The Program Header Table
is an array of structures, each structure descrbing a segment and providing information the system needs to prepare the program for execution (reference : man elf), i.e. it describes the execution view of any ELF binary where each segment hold one or more sections. PHT can be parsed to display a Sections to Segment mapping, i.e. which segment in memory will store what sections of binary.
The compile-time linker uses a linker script to map sections within segments.

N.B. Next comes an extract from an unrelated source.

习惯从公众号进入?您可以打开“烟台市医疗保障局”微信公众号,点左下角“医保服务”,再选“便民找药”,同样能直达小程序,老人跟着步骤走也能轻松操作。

We can indeed prepare our own linker script and tell the linker (/usr/bin/ld) explicitly to use our linker script while preparing an executable (unlike the default one it uses - default_linker_script which can be seen with the command ld --verbose
). Writing linker scripts is a topic which is out of scope for this course.
NOTE: The program header table is actually meaningful only to binaries that are likely to build up into their process images (executable & shared objects). Relocatable binaries doesn't require a PHT as they are to be processed by the static linker before being able to execute in memory.

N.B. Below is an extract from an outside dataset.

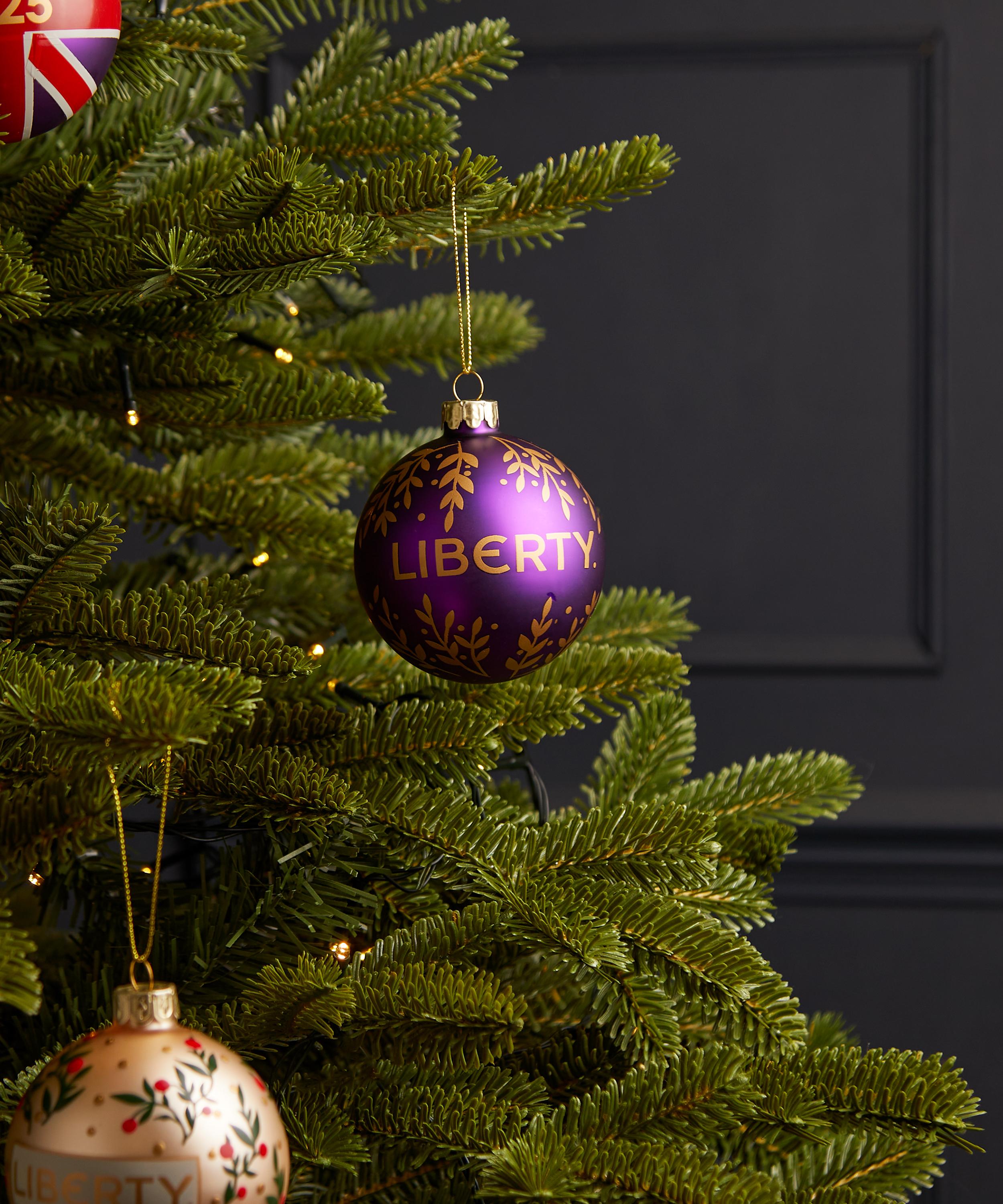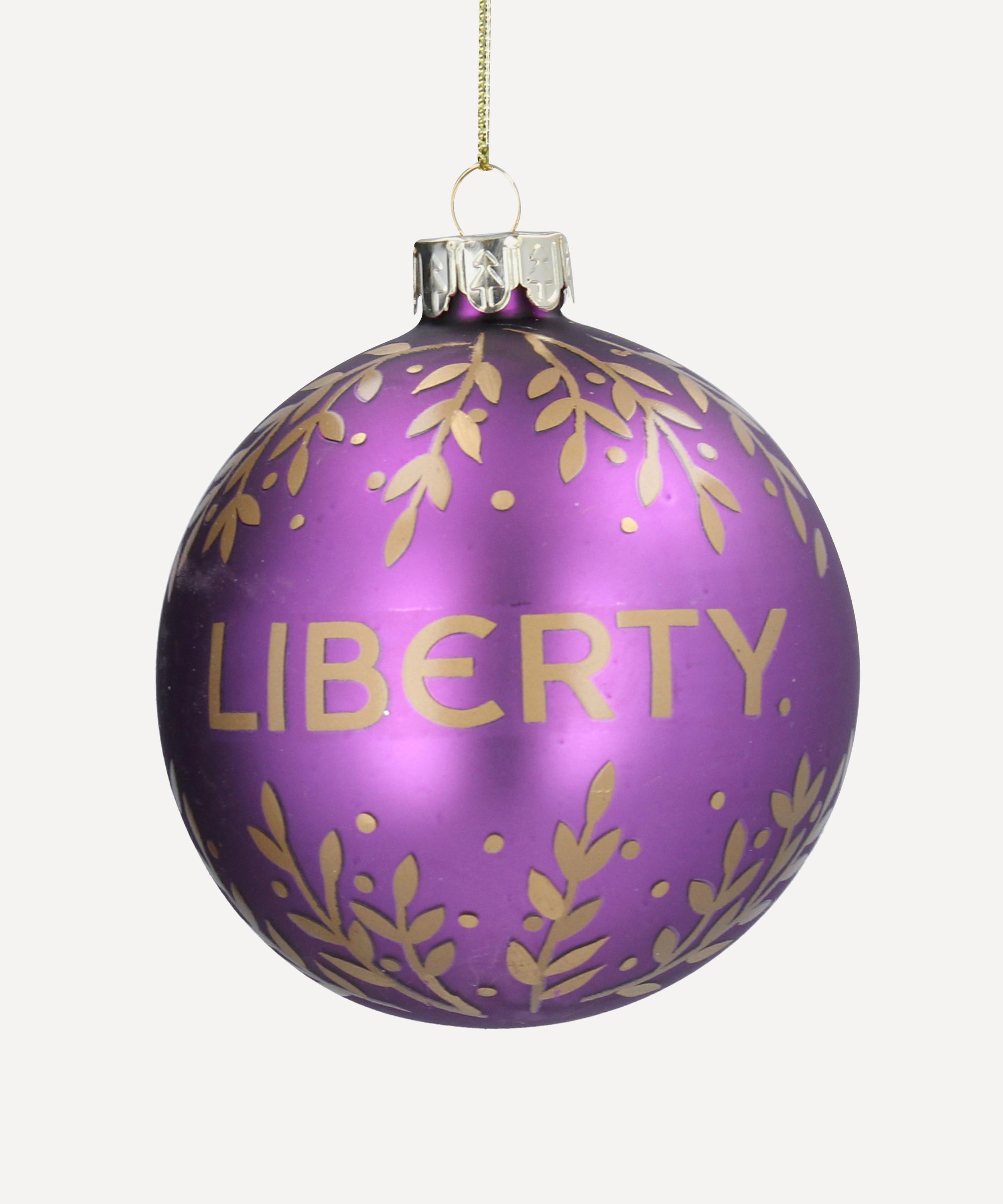 Designed in our signature shade of purple, this classic glass bauble features a smattering of gold-tone detailing, including a Liberty logo to the centre. Complete with a practical hanging loop, this Christmas ornament will bring a dash of our iconic heritage to your festive fir or pine.

Lets have a look at the program header table of the file pht compiled from the source pht.c. We'll use -l
option of readelf, which displays the Program Headers/Segments for the executable.
critical@d3ad:~/BINARY_DISECTION_COURSE/ELF/PROGRAM_HEADER_TABLE$ readelf -l pht
Elf file type is EXEC (Executable file)
Entry point 0x400400
There are 9 program headers, starting at offset 64
Program Headers:
Type Offset VirtAddr PhysAddr
FileSiz MemSiz Flags Align
PHDR 0x0000000000000040 0x0000000000400040 0x0000000000400040
0x00000000000001f8 0x00000000000001f8 R 0x8
INTERP 0x0000000000000238 0x0000000000400238 0x0000000000400238
0x000000000000001c 0x000000000000001c R 0x1
[Requesting program interpreter: /lib64/ld-linux-x86-64.so.2]
LOAD 0x0000000000000000 0x0000000000400000 0x0000000000400000
0x00000000000008b0 0x00000000000008b0 R E 0x200000
LOAD 0x0000000000000e00 0x0000000000600e00 0x0000000000600e00
0x0000000000000230 0x0000000000000238 RW 0x200000
DYNAMIC 0x0000000000000e20 0x0000000000600e20 0x0000000000600e20
0x00000000000001d0 0x00000000000001d0 RW 0x8
NOTE 0x0000000000000254 0x0000000000400254 0x0000000000400254
0x0000000000000044 0x0000000000000044 R 0x4
GNU_EH_FRAME 0x00000000000006f8 0x00000000004006f8 0x00000000004006f8
0x0000000000000054 0x0000000000000054 R 0x4
GNU_STACK 0x0000000000000000 0x0000000000000000 0x0000000000000000
0x0000000000000000 0x0000000000000000 RW 0x10
GNU_RELRO 0x0000000000000e00 0x0000000000600e00 0x0000000000600e00
0x0000000000000200 0x0000000000000200 R 0x1
Section to Segment mapping:
Segment Sections...
00
01 .interp
02 .interp .note.ABI-tag .note.gnu.build-id .gnu.hash .dynsym .dynstr .gnu.version .gnu.version_r .rela.dyn .rela.plt .init .plt .text .abhinav .fini .rodata .eh_frame_hdr .eh_frame
03 .init_array .fini_array .dynamic .got .got.plt .data .bss
04 .dynamic
05 .note.ABI-tag .note.gnu.build-id
06 .eh_frame_hdr
07
08 .init_array .fini_array .dynamic .got
Let's analyse the output piece by piece. The first 3 lines, I guess are pretty much self explanatory, explaining the file type, the entry point of the program and the number of program headers along with offset to the beginning of PHT.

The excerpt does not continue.